Nate, I have my own, super-special, patented, one question Gayness test. It goes like this: are you attracted to people of your own sex? If so, you’re gay; if not, you’re not. I don’t think you need the Spark to figure this one out. ![]()
~karma, of course you can join us. We have a good time hanging out. And you’ll get a chance to see “the club” and “the hook” as well as the biggest balls you’ve ever seen (yet they are a little smaller than his older brother’s) and even a few other dicks hanging around. Not to mention that every once in a while when a few of my guy friend’s girlfriends start drinking at a party, they usually end up doing some girl-on-girl kissing or flashing of various private parts. You can go to my web site and see various pics of my friends. You can get an idea of who has the above-mentioned parts.
Zev, you know, that’s obviously the easiest way to tell if you are straight gay (is that an oxymoron?). But for those who are in denial or still living in the closet, the gay test is a good indicator of if they have gay tendencies or may be walking the fine gay/straight line. And no, I’m not attracted to the same sex. “I’m not gay, but my boyfriend is.” LOL! (No, I’m not gay. I have a beautiful girlfriend. My friends are not gay. Not that there’s anything wrong with that. And most of them have girlfriends).
Karma, I like a lot of your points in this post!! I have already tried some and will try the others soon!!! I am trying to contact you about the next two weekends! let me know what you think!!!
Damn, i don’t know about seeing your boy’s balls, but if you got girls kissing, I’M THERE!!!
Nate Dogg: Damn! Sounds like you guys are into having fun. I scanned your previous posts and must have overlooked the link to your page, care to post it again? Where abouts are you guys anyway?
Purplehosh: This coming weekend won’t work, I’ve got my boy. The weekend of Aug. 16 would work though. What sort of thing did you have in mind? Dancing, relaxing with a drink and perhaps enjoying a cigar, a casual cafe? I’m not a regular downtown so don’t be looking to me to pick the spots to hang. Most of my downtown nights were 3 years ago and then it was primarily the Purple Martini and Club Vinyl. Don’t have a clue what’s hot now though.
It hasn’t been updated in a couple months due to the fact that my computer at home blew up, but you can browse through all the pages and see some pretty funny stuff and a variety of info on me, training, my friends, etc.

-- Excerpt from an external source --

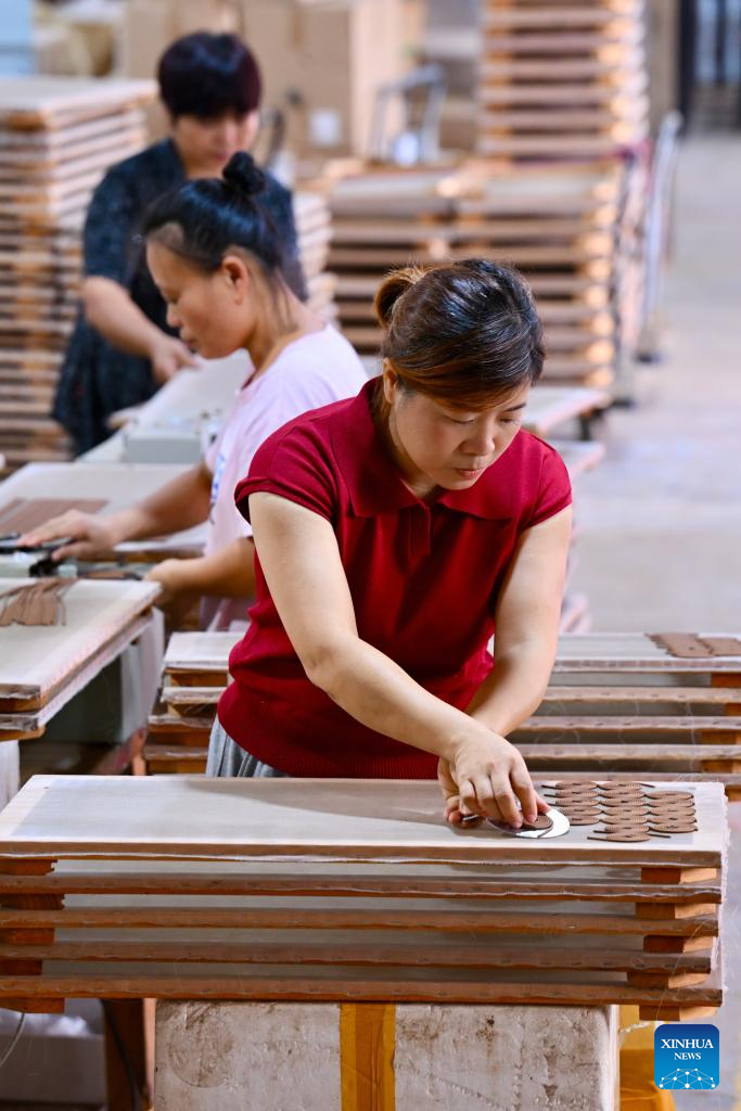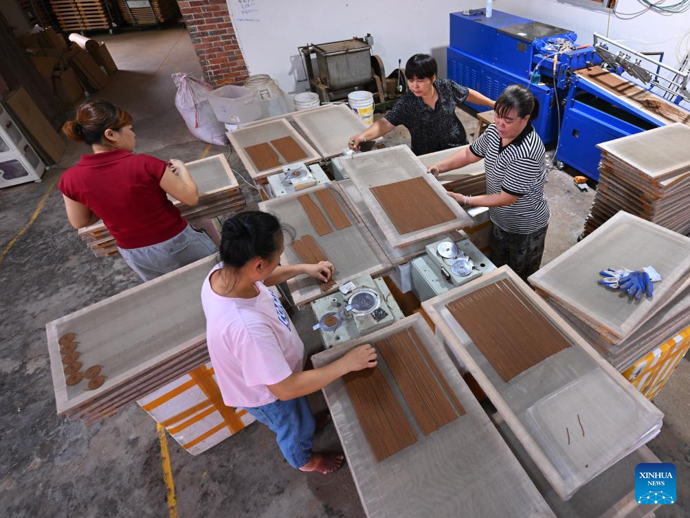 Staff members of an incense-making enterprise make incense sticks in Laidian Town, Xianyou County of southeast China's Fujian Province, on Sept. 24, 2025. Xianyou County is a significant trading and distribution center for agarwood and sandalwood in China. In recent years, the county has been working on the development of its incense-related business by leveraging the abundance in raw materials, a mature incense-making industrial chain, and online and offline sales networks there. (Xinhua/Jiang Kehong)

It’s here: www.atlantic.net/~nathan/
You won’t believe it, but I just downloaded some pics that we took during my friend’s birthday party about a month ago. If you really want to see some pics of my friends showing off their “stuff,” I actually have some pics that I had forgotten we took. I also have a pic of my girlfriend kissing my friend’s girlfriend. But I’m not sure if I’ll send that one out. I also have a recent pic of myself at the beach. If you want so see them, feel free to go to my web site and send me some e-mail. Just be sure to put something in the subject line so I know that it’s not just another piece of junkmail!